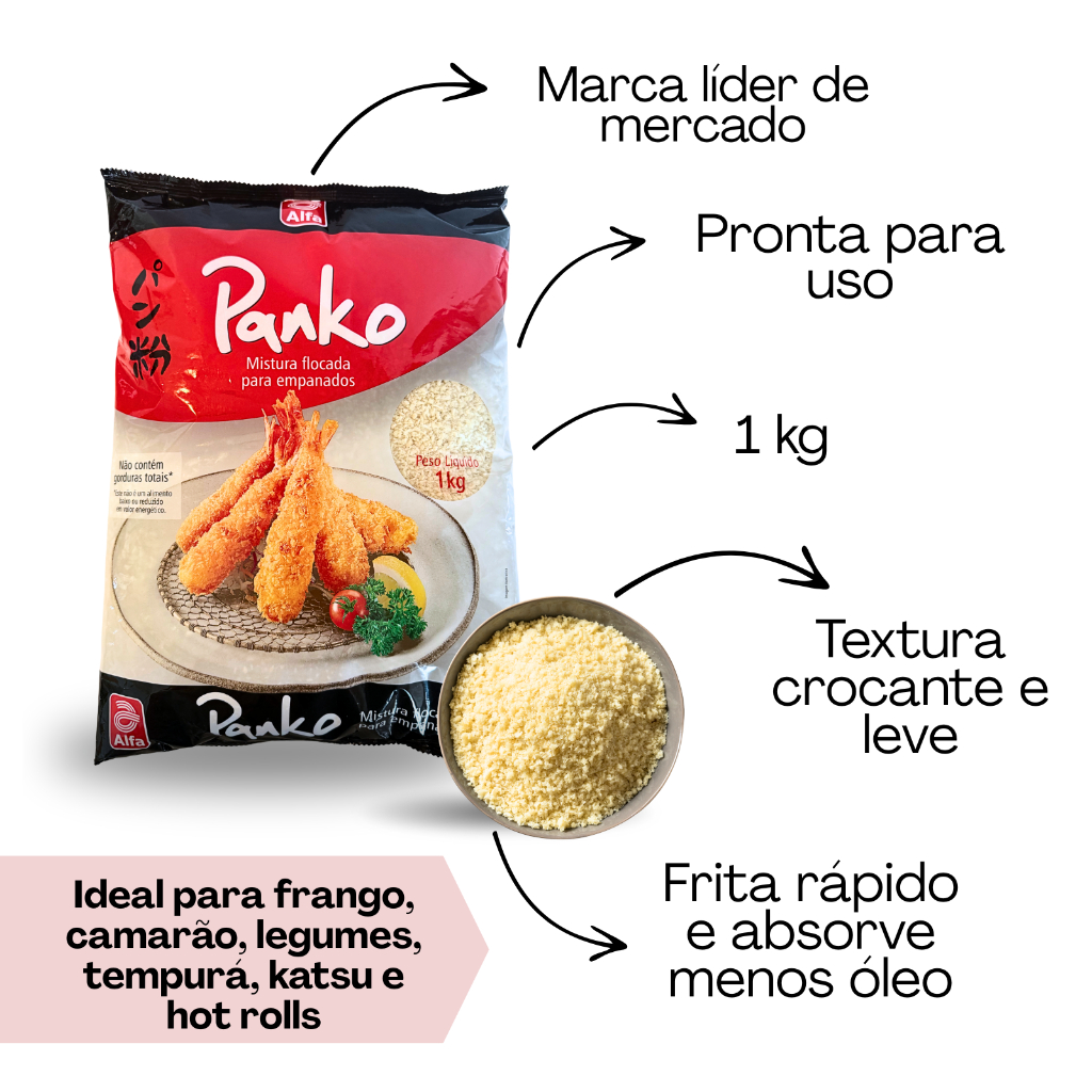Farinha Panko Flocada Alfa 1kg Para Empanados Hot Rolls e Temakis Hot Categoria Premium
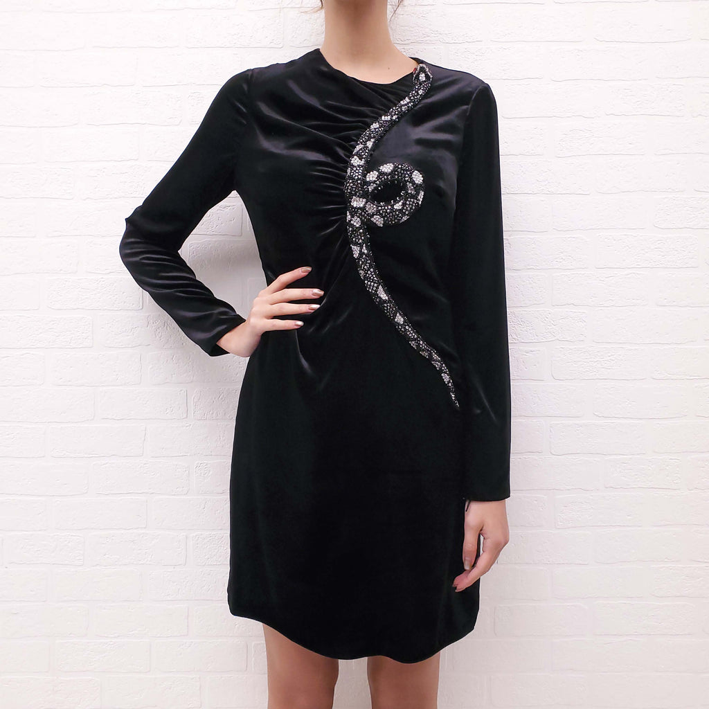 VALENTINO BLACK VELVET DRESS WITH CRYSTAL SNAKE DETAIL - SIZE 6
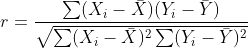 상관계수 r는 다음과 같이 계산됩니다.
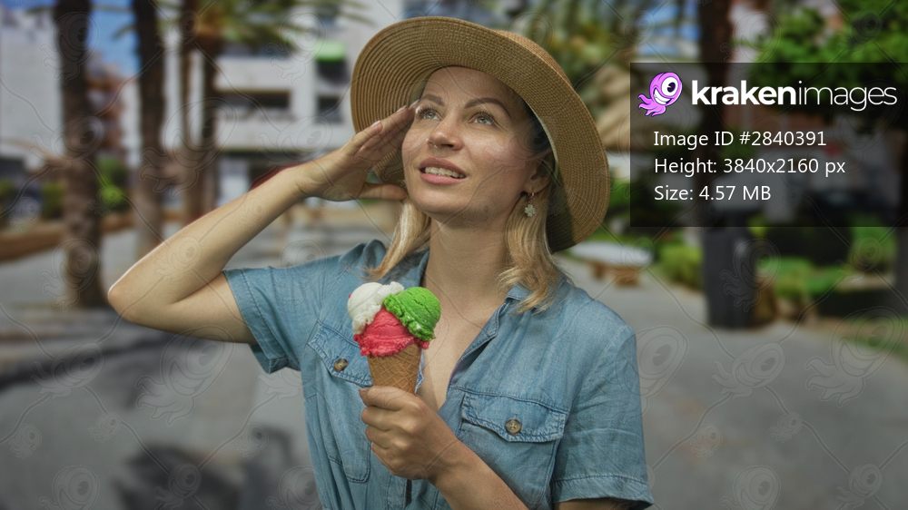 Woman with blonde hair wearing straw hat holding a triple scoop icecream cone shades eyes on a sunny street; joy.
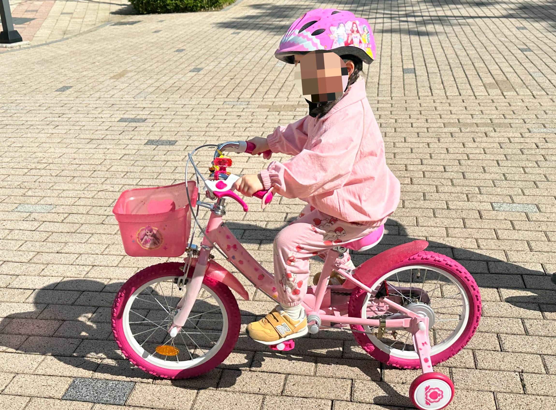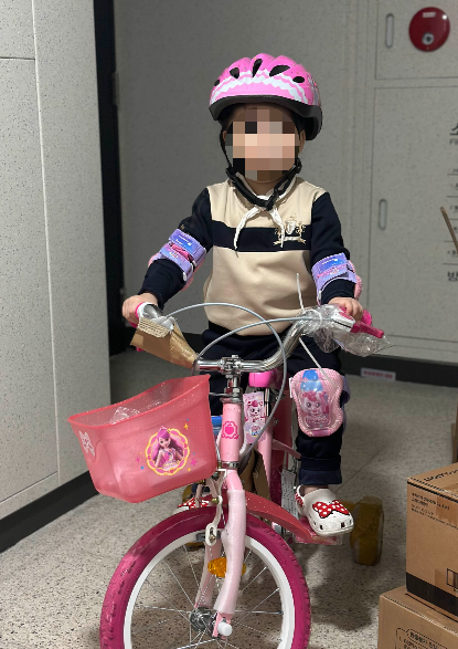 좋아하는 핑크핑크한 하츄핑 자전거를 직접 마주하니 엄청 좋아하더라고요.
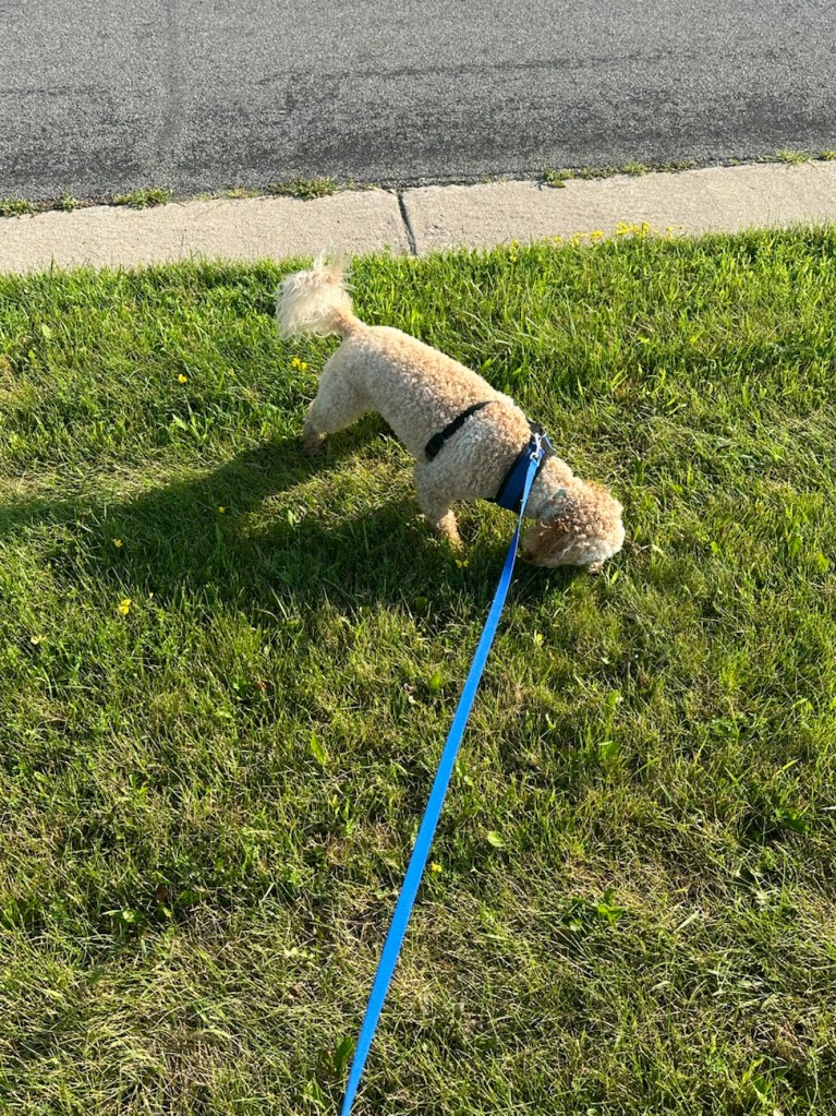 My walk pace with Rex is similar to yours! Sniff sniff sniff, etc.
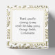 Diga "Gracias" con este tema de cumpleaños del centenario dorado y blanco usando las plantillas suministradas. Este fondo es un patrón de número aleatorio de oro y blanco con el número de hito 100 repetido en tamaños y ángulos variados. Hay un cuadrado blanco en la parte superior y una banda alrededor de la parte central para tu texto. Utilice las plantillas fáciles para agregar sus propias palabras, nombre inicial o monograma. El gráfico es una idea divertida para envolver pequeños regalos o favores de fiesta para tu fiesta de 100 años. El diseño también es adecuado para todas las ocasiones centenarias en las que se celebra el número cien.
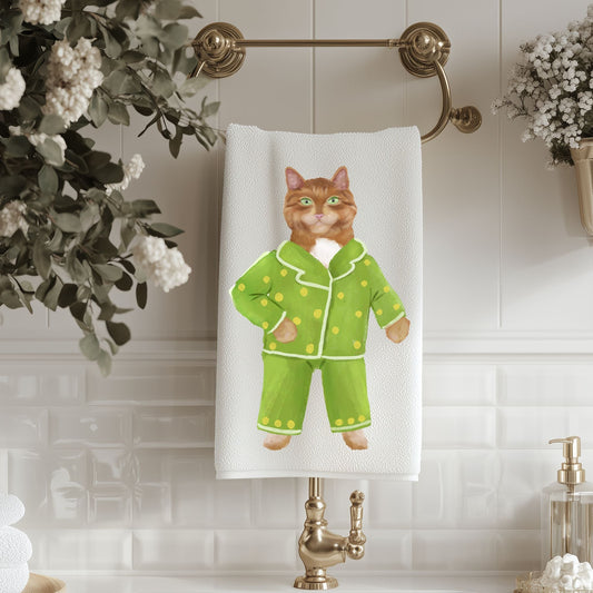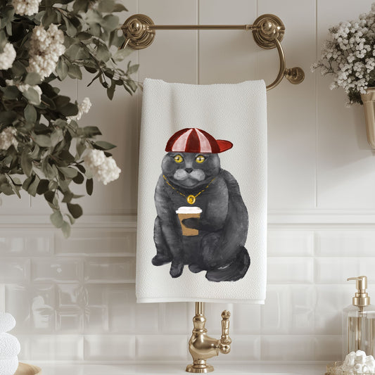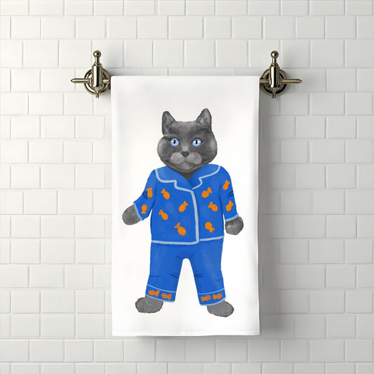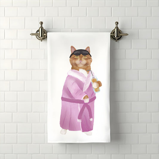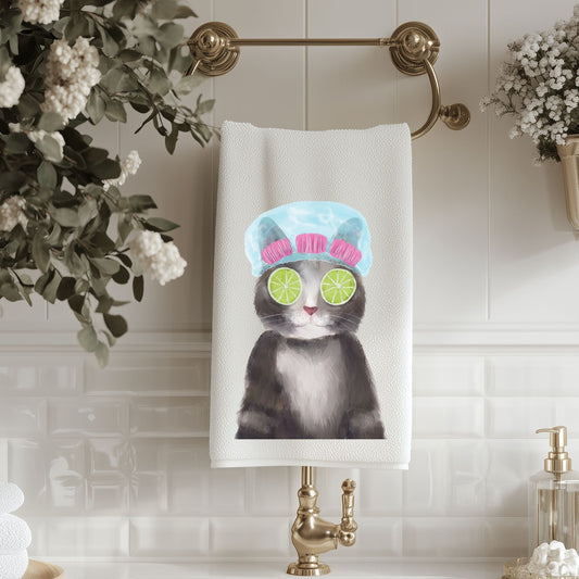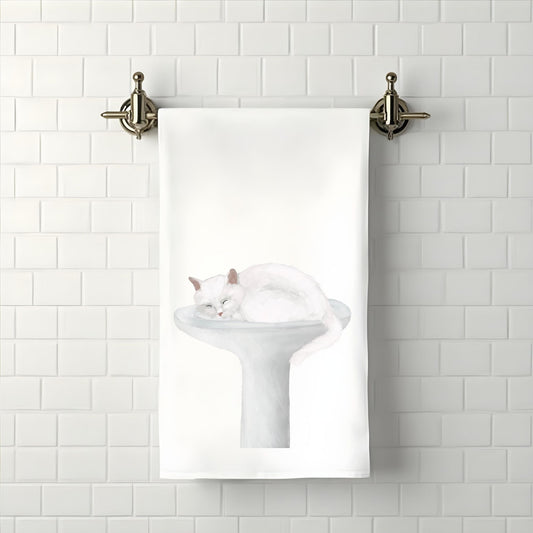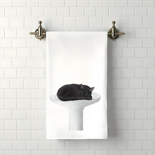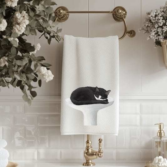 Tuxedo Cat Sleeping on Sink Bathroom Towel
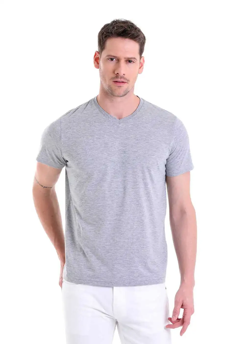 Идеальное сочетание комфорта и стиля - серая футболка свободного кроя с V-образным вырезом из 100% хлопка, станет незаменимой частью вашего повседневного стиля. Подходящая для повседневной жизни, офиса, приятного вечера или спортивных мероприятий, эта футболка привлекает внимание своим классическим дизайном и комфортной тканью. Изготовленная из высококачественного 100% хлопка, футболка отличается мягкой текстурой и дышащей структурой, бережно относясь к вашей коже. Детали V-образного выреза придают современный и стильный вид, а свободный крой подходит для всех типов фигур. Аккуратные швы и идеальный крой обеспечивают сохранение формы на протяжении длительного времени и предотвращают деформацию после стирки. Природно мягкая ткань из 100% хлопка обеспечит комфорт на весь день. Нейтральный и стильный оттенок серого сочетается с любым цветовым решением. Эта футболка - обязательная вещь в гардеробе каждого, кто ценит стиль, дополнит ваш повседневный образ и всегда обеспечит привлекательный вид.
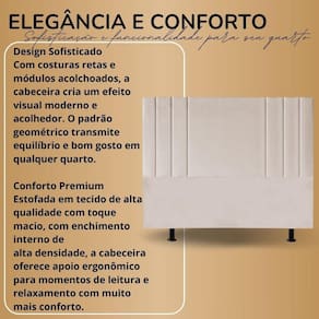 Conforto: Espuma de densidade D23, garantindo apoio firme e aconchegante para momentos de descanso e leitura na cama.
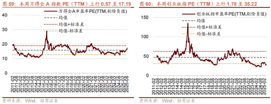 本周整体A股估值水平上行。截至8月22日收盘,万得全A指数PE(TTM)为17.19,处于历史估值水平(10年以来)的67.4%分位数。创业板指PE(TTM)上行1.78至35.22,处于历史估值水平的24.1%分位数。代表大盘股的沪深300指数PE(TTM)上行0.46至13.22,处于历史估值水平的74.5%分位数。代表中小盘股的中证500指数PE(TTM)上行0.74为25.23,处于历史估值水平的47.1%分位数。
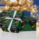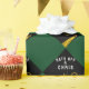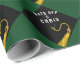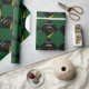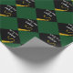 Cool graduation giftwrap or graduation party decoration featuring black cap with gold tassel on a green background. Edit text to add his or her name.
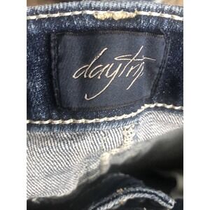 These are women's bootcut jeans from the brand Daytrip, featuring a solid blue denim fabric with a medium wash. They have a zip closure, 5-pocket design with flap back pockets, and a regular fit. Made of polyester, spandex, and cotton, they have a mid-rise waist and a 28-inch waist size. The inseam measures 33 inches, and the size is 28 in a regular fit.
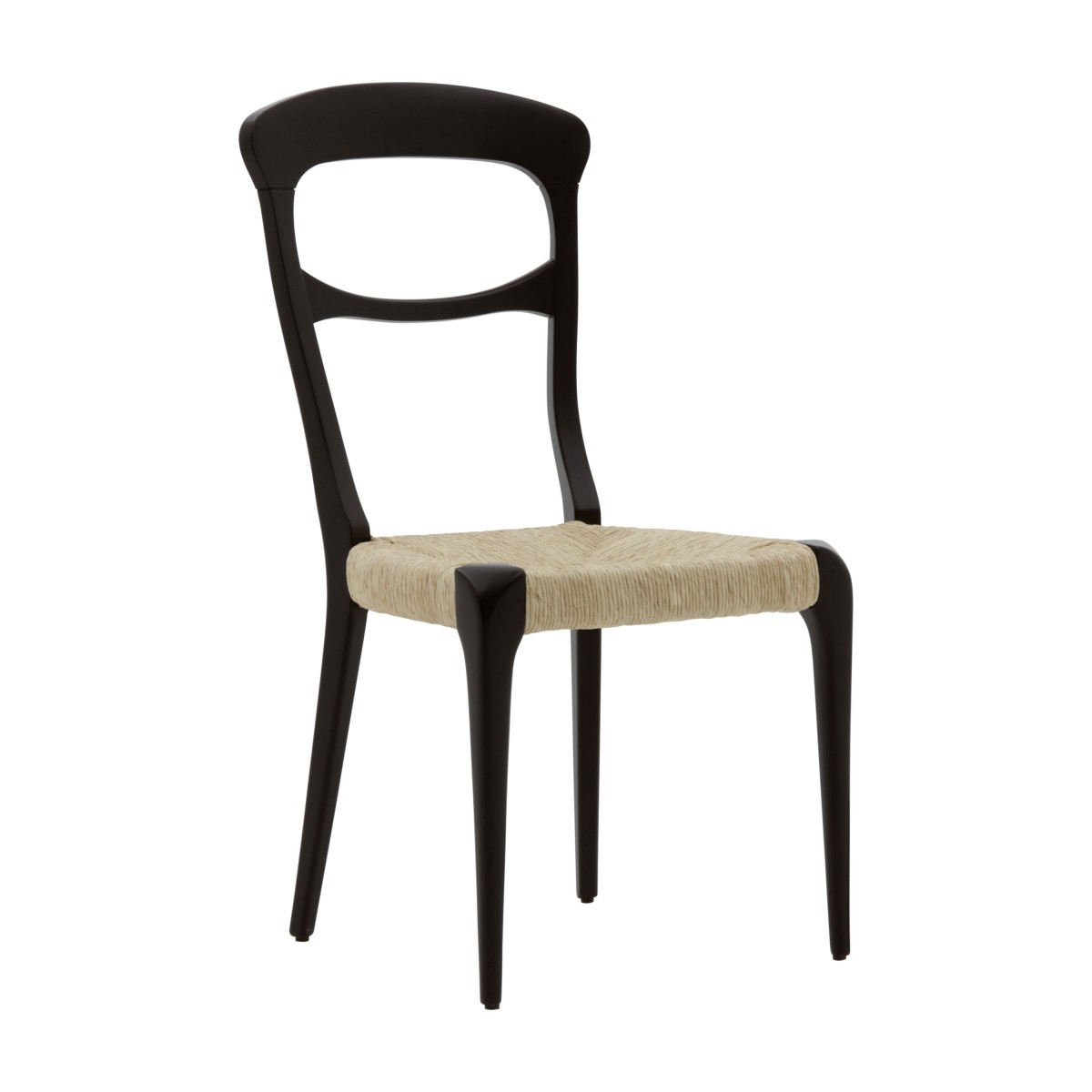 Comfortable Contemporary style beech wood chair with very simple and essential lines. It is made using the structure of one of our leading chairs it features a rush seat making it a unique product in the Sevensedie range. The type of finish, polished or lacquered, can be selected from all those available.
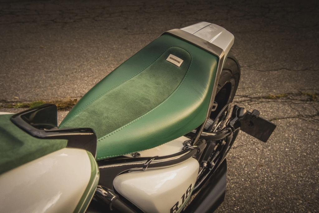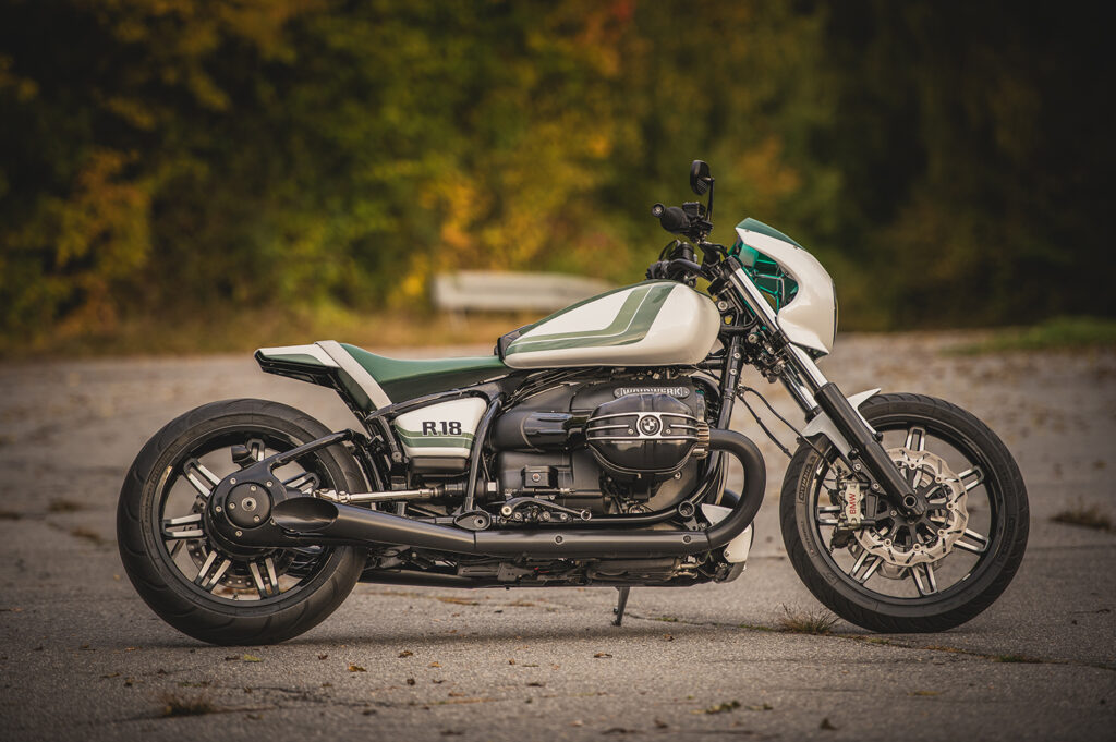 Ralf jokes that in his region, the weather consists of “three-quarters winter and one-quarter cold.” The design reflects this: the white represents the snow, while the green symbolizes the brief burst of spring. It’s a brilliant touch that gives this custom BMW R18 and its sibling a narrative beyond just looks.

### EXERCISE
Your answer must be an exact copy of the records above, with every picture left out.

### RESULT OF THE EXERCISE
Farinha Panko Flocada Alfa 1kg Para Empanados Hot Rolls e Temakis Hot Categoria Premium
 VALENTINO BLACK VELVET DRESS WITH CRYSTAL SNAKE DETAIL - SIZE 6
 상관계수 r는 다음과 같이 계산됩니다.
 Woman with blonde hair wearing straw hat holding a triple scoop icecream cone shades eyes on a sunny street; joy.
 좋아하는 핑크핑크한 하츄핑 자전거를 직접 마주하니 엄청 좋아하더라고요.
 My walk pace with Rex is similar to yours! Sniff sniff sniff, etc.
 Diga "Gracias" con este tema de cumpleaños del centenario dorado y blanco usando las plantillas suministradas. Este fondo es un patrón de número aleatorio de oro y blanco con el número de hito 100 repetido en tamaños y ángulos variados. Hay un cuadrado blanco en la parte superior y una banda alrededor de la parte central para tu texto. Utilice las plantillas fáciles para agregar sus propias palabras, nombre inicial o monograma. El gráfico es una idea divertida para envolver pequeños regalos o favores de fiesta para tu fiesta de 100 años. El diseño también es adecuado para todas las ocasiones centenarias en las que se celebra el número cien.
 Tuxedo Cat Sleeping on Sink Bathroom Towel
 Идеальное сочетание комфорта и стиля - серая футболка свободного кроя с V-образным вырезом из 100% хлопка, станет незаменимой частью вашего повседневного стиля. Подходящая для повседневной жизни, офиса, приятного вечера или спортивных мероприятий, эта футболка привлекает внимание своим классическим дизайном и комфортной тканью. Изготовленная из высококачественного 100% хлопка, футболка отличается мягкой текстурой и дышащей структурой, бережно относясь к вашей коже. Детали V-образного выреза придают современный и стильный вид, а свободный крой подходит для всех типов фигур. Аккуратные швы и идеальный крой обеспечивают сохранение формы на протяжении длительного времени и предотвращают деформацию после стирки. Природно мягкая ткань из 100% хлопка обеспечит комфорт на весь день. Нейтральный и стильный оттенок серого сочетается с любым цветовым решением. Эта футболка - обязательная вещь в гардеробе каждого, кто ценит стиль, дополнит ваш повседневный образ и всегда обеспечит привлекательный вид.
 Conforto: Espuma de densidade D23, garantindo apoio firme e aconchegante para momentos de descanso e leitura na cama.
 本周整体A股估值水平上行。截至8月22日收盘,万得全A指数PE(TTM)为17.19,处于历史估值水平(10年以来)的67.4%分位数。创业板指PE(TTM)上行1.78至35.22,处于历史估值水平的24.1%分位数。代表大盘股的沪深300指数PE(TTM)上行0.46至13.22,处于历史估值水平的74.5%分位数。代表中小盘股的中证500指数PE(TTM)上行0.74为25.23,处于历史估值水平的47.1%分位数。
 Cool graduation giftwrap or graduation party decoration featuring black cap with gold tassel on a green background. Edit text to add his or her name.
 These are women's bootcut jeans from the brand Daytrip, featuring a solid blue denim fabric with a medium wash. They have a zip closure, 5-pocket design with flap back pockets, and a regular fit. Made of polyester, spandex, and cotton, they have a mid-rise waist and a 28-inch waist size. The inseam measures 33 inches, and the size is 28 in a regular fit.
 Comfortable Contemporary style beech wood chair with very simple and essential lines. It is made using the structure of one of our leading chairs it features a rush seat making it a unique product in the Sevensedie range. The type of finish, polished or lacquered, can be selected from all those available.
 Ralf jokes that in his region, the weather consists of “three-quarters winter and one-quarter cold.” The design reflects this: the white represents the snow, while the green symbolizes the brief burst of spring. It’s a brilliant touch that gives this custom BMW R18 and its sibling a narrative beyond just looks.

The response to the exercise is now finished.